The trouble is that risk means different things to different people. My stockbroking client (who retired to a tax haven in his 40s, so his approach couldn't have been that stupid) had an attitude to risk that would have most investors reaching for the valium. And there is also the fact that the world has changed. Not only is it global these days, product options, particularly those with some form of built-in risk control mechanism, have widened considerably.

OBSR's Richard Romer-Lee made the point that many funds launched to cater for a more risk-averse public carried greater potential volatility than their names suggested. Cautious Managed funds, for example, were able to hold up to 60 per cent of their portfolio in equities. Cautious? Not necessarily, in his opinion.

While the behaviour of markets since March suggests there has been some return of an appetite for risk, successive scares, starting with the dotcom bubble bursting nearly a decade ago, have undoubtedly created a demand for less risky investment products. Choosing what suits the attitude of the investor is no easy task. What an opportunity for advisers, opined Cofunds' Russell Lancaster.

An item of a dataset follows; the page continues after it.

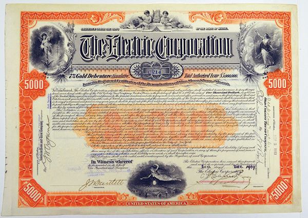 Maine, 1909. $5000 I/U 7% Registered Gold Cumulative Debenture Bond, Black text with orange border and undertint, at left and right are depictions of figures holding electrical wires in circular frames. VF condition, printed by ABNC. This bond was signed by Charles Francis Adams Jr, a member of the prominent Adams family. He served as a colonel in the Union Army during the Civil War, and went on to be an author, historian, and member of the Massachusetts Park Commission. He was the great-grandson of United States President John Adams and grandson of President John Quincy Adams.

And here is both the opportunity and the threat for advisers. With risk being such a subjective element in investment choice, those seeking to place their capital in a suitable product need to have the likely outcomes fully explained to them, having first defined the degree of tolerance they are prepared to accept. Get it right and all will be well. But there is a big chance of a misunderstanding.

At the round table, both HSBC, represented by David Chellew, and Sergio Ferreira of Aviva demonstrated how much resources were now being thrown at ensuring asset allocation and product selection satisfied individual investment mandates.

No one felt a more prescriptive regulatory regime would help. I rather fear, though, that, with the opportunity for a mismatch between delivery and expectation so high, this is just what we might get.